Edward Z. Yang wrote:
implementing cryptographic hashes is not difficult at all as long as you understand the algorithm and a good battery of unit tests to make sure your implementation is working properly.
Yes, and jet turbine maintenance is not difficult at all as long as you understand their construction and have a good battery of pre-flight tests to make sure they're working properly. Yet you wouldn't feel very comfortable grabbing a random person off the street, handing them the manual, and having them go to town on the engines of your 747.
It's trivial to introduce all sorts of subtle bugs when creating new crypto implementations -- we've seen this happen time after time -- so unless there's a particularly compelling reason to reimplement from scratch, sticking with something that's already out and has had many eyeballs looking at it is almost always the correct choice.
But if we're going to go the trouble of migration (small trouble, but trouble that requires DB schema changes nonetheless (be they formal or informal)), we might as well do it right. I remember one security expert saying that there is no smoke yet, but the alarm bells have gone off for SHA-1 and it's time to walk (not run) for the exits.
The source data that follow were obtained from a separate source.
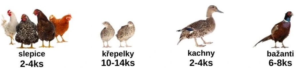 Ano, model podporuje různou drůbež – až 14 křepelek dle velikosti jedinců.
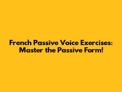 French Passive Voice Exercises: Master The Passive Form!
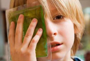При ушибе следует незамедлительно постараться охладить пораженное место любым холодным металлическим предметом, намоченным в воде полотенцем, льдом или бутылкой с холодной водой. Холод вызывает сужение кровеносных сосудов и предотвращает сильное развитие кровоподтека.
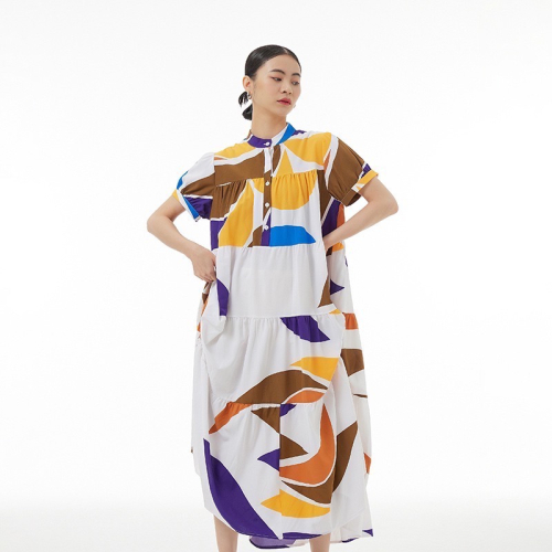 潮流拼色蛋糕裙,夏季寬鬆氣質拼接短袖連身裙5319-218-98
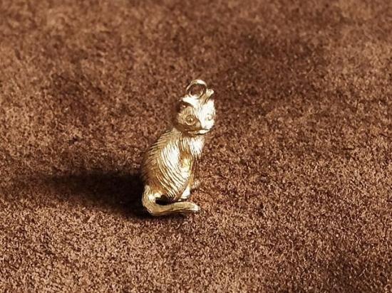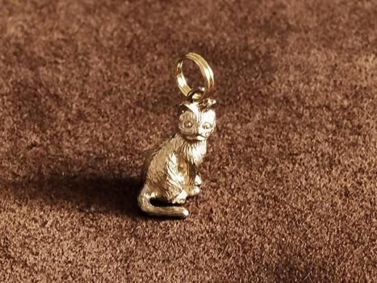 真鍮 チャーム(猫 立体)キーリング ネコ ペット シルエット キャット
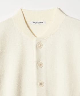 アウターライクな太さのある首元のリブや、大きめのボタンがアクセント。
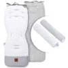 Nepropustná opěrka nohou z voděodolné tkaniny zabraňuje znečištění od mokrých bot, což usnadňuje péči o vložku. Chrániče na pásy zajišťují dodatečný komfort a bezpečnost během cestování, a jejich univerzálnost je ideální pro různé typy kočárků a autosedaček. Díky použití oboustranné látky a pohodlných suchých zipů jsou snadno montovatelné a použitelné.
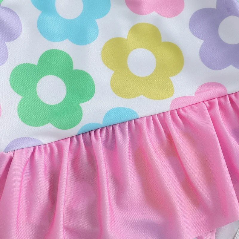 Estampados florales, tirantes cruzados en la espalda, sin mangas, volantes, seguramente harán que tu pequeña destaque entre la multitud; Los trajes de baño para niña son ropa de playa de verano dulce y linda para niña.
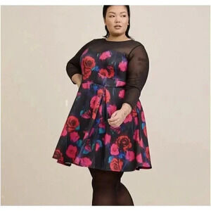 NWT Torrid Women’s Mini Scuba Illusion Neck Rose Floral Dress Multi Sz 3 (22/24)

FUD. Talk of "doing it right" and "alarm bells having gone off" is meaningless without a threat model. New uses of SHA-1 are rightly discouraged in protocol design, where collisions directly translate to potential problems, but password hashing?
Generally, the only password hashing scenario in which the choice of algorithm makes a difference at all is an offline attack once the password table has been compromised, at which point, the difference between one algorithm and the next is nothing more but how long you can hold off a brute-forcing attacker. And for that, without preimage attacks, the known MD5 and SHA-1 flaws make about zero difference for any practical purpose.